Commentary

It’s Not About Oil?

By Charles V. Peña
This article was published in the Chicago Tribune, Sept. 20, 2002.

In a recent op-ed, Sen. Zell Miller (D-Ga.) wrote, “Forgive my bluntness, but these folks [my constituents] also want to hear the president and the vice president say that this war is not about oil.” That’s an especially pointed concern given President Bush and Vice President Cheney’s long-standing ties to the U.S. oil industry. And, unfortunately, the United States continues to cling to the myth of needing to defend Persian Gulf oil (hence the U.S. military presence in Saudi Arabia). Yet economists from across the political spectrum (including two Nobel laureates - the liberal James Tobin and the free marketer Milton Friedman) agree that going to war for oil is unneeded.

So while no one is really talking about it, the issue of oil as it relates to military action against Iraq is a nagging question.
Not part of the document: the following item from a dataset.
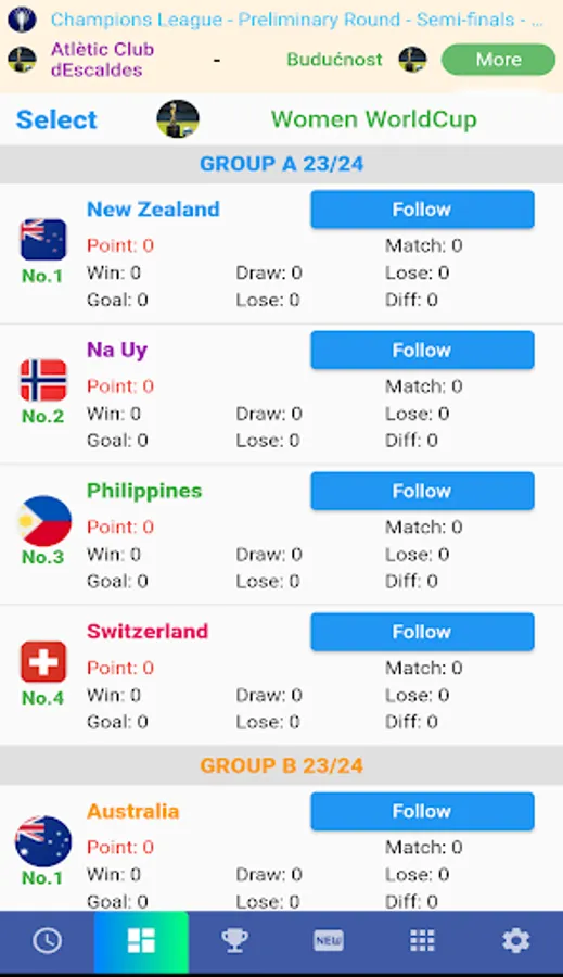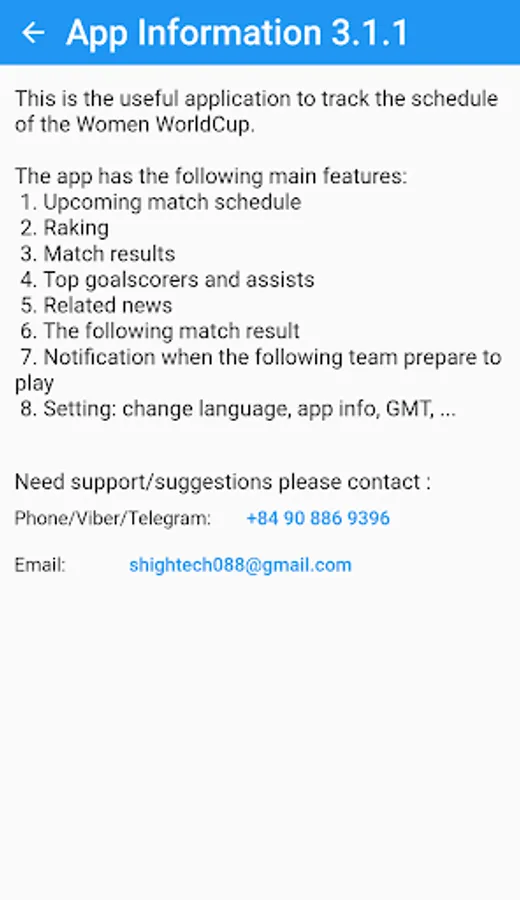 In the application you can find out about the teams participating in the Women World Cup, the tournament groups, the calendar by date and phases and the results.

Senior officials claim that the administration is preoccupied with military planning, not with oil. But this is not the same thing as the administration not understanding the perceived importance of oil in its decision-making about Iraq. After all, U.S. relations with West African nations — which comprise about a 15 percent share of the United States oil import market — have warmed considerably since Sept. 11. Indeed, last week Bush met with the leaders of 11 African nations, in the face of looming war against Iraq and concerns over the security of oil supplies from the Persian Gulf. And the United States is even considering building a naval base on the tiny island nation of Sao Tome and Principe, a former Portuguese colony believed to be sitting on massive and largely untapped oil reserves.

It’s also hard to ignore the fact that Iraq has proven reserves of 112 billion barrels of crude oil, the second largest in the world after Saudi Arabia. This is certainly not lost on American oil companies that — having been banished from direct involvement in Iraq since the late 1980s — could profit enormously from a post-Hussein government friendly to the United States. According to one oil industry analyst, “There’s not an oil company out there that wouldn’t be interested in Iraq.”

Even if American oil interests are keeping largely silent on the issue, the Iraqi opposition that hopes to succeed Hussein isn’t. According to one Iraqi National Congress leader who favors the creation of a U.S.-led consortium to develop Iraq’s oil fields, “American companies will have a big shot at Iraqi oil.”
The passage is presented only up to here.